В своем рассказе «Записки о желчном пузыре» Мо Янь описал этот каменный мост и собак, обезумевших от человеческих трупов. Он также написал о верном сыне, который вырезал из только что застреленного человека желчный пузырь, взял его домой, чтобы лечить зрение матери. Люди рассказывают о частых случаях лечения зрения с помощью медвежьего желчного пузыря, но никто не вспоминает ничего подобного о лечении с использованием человеческого желчного пузыря. Очевидно, рассказ о таком парне – смелая и нелепая выдумка. А история, которую написал Мо Янь – плод фантазии, которую ни в коем случае нельзя считать правдивой.

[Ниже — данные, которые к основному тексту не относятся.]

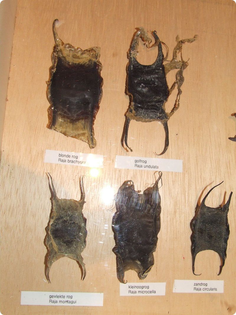 Jobbra néhány rájafaj tojásait láthatjuk, fentről, balról sorban: Raja brachyura, Raja undulata, Raja montagui, Raja microcella, Raja circularis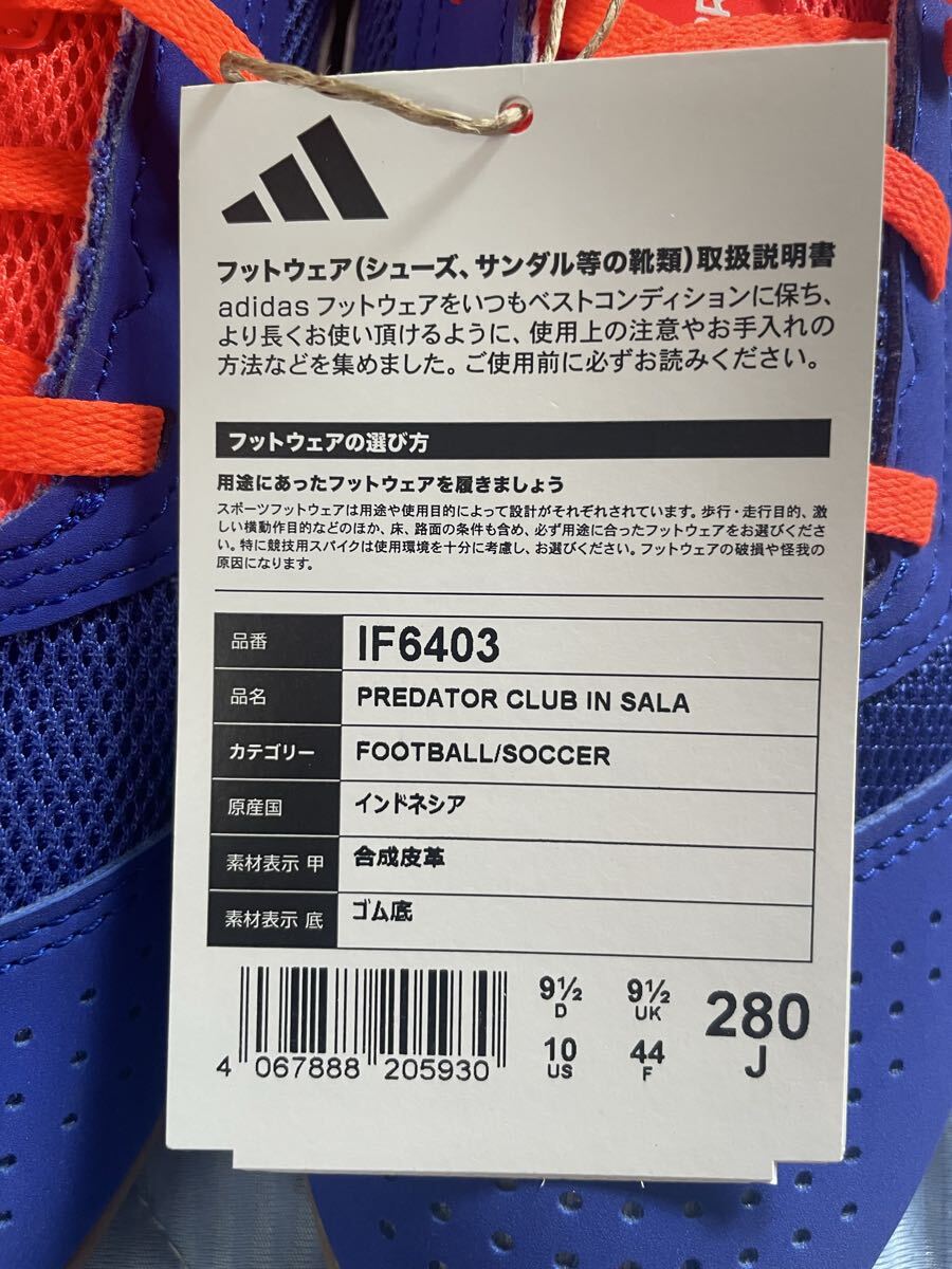 送料無料 新品 未使用 adidas アディダス プレデター CLUB IN SALA IF6403 メンズシューズ 28.0㎝ になります。

Пока мы шли от моста до моей усадьбы, в моей голове всплыла сцена моего расстрела. Тогда они связали мне шею и руки за спиной тонкой конопляной веревкой, а на затылок повесили табличку с оскорбительной надписью. Был двадцать третий день двенадцатого месяца по лунному календарю, за семь дней до Весеннего солнцестояния. Холодный ветер пронизывал тело до костей, небо плотно заволокли черные тучи. Ледяная крупа, словно белые крупинки риса, беспрестанно сыпались мне за воротник. Моя жена, из рода Бай, шла вслед за мной и рыдала, но я не слышал голосов моих любовниц – Инчунь и Цюсян. Инчунь была беременной и со дня на день собиралась родить ребенка, поэтому имела право не провожать меня. А вот Цюсян, младшая и небеременная, своим отсутствием меня обидно разочаровала.

Уже стоя на мосту, я резко повернул голову и с расстояния в несколько метров посмотрел на Хуан Туна и его отряд из десятка милиционеров. Я сказал: «Мы с вами, парни, живем в одном селе, не враждовали никогда – ни прежде, ни теперь. Братья, извините, если я вас чем-то обидел. Но скажите – чем?». Хуан Тун глянул на меня и сразу отвернулся. Его золотисто-желтые зрачки блеснули, словно звезды. «Хуан Тун, Хуан Тун... – сказал я, – твои родители дали тебе хорошее имя». – «Перестань болтать, – ответил Хуан Тун, – Это государственная политика». – «Братья, – оправдывался я, – если я должен умереть, то должен знать, за что? Скажите, какие законы я нарушил?». – «О причине спроси в Аду у властелина Янь-вана», – ответил Хуан Тун, поднимая свою старое ружье и приближая его дуло к моему лбу на расстояние пятнадцати сантиметров.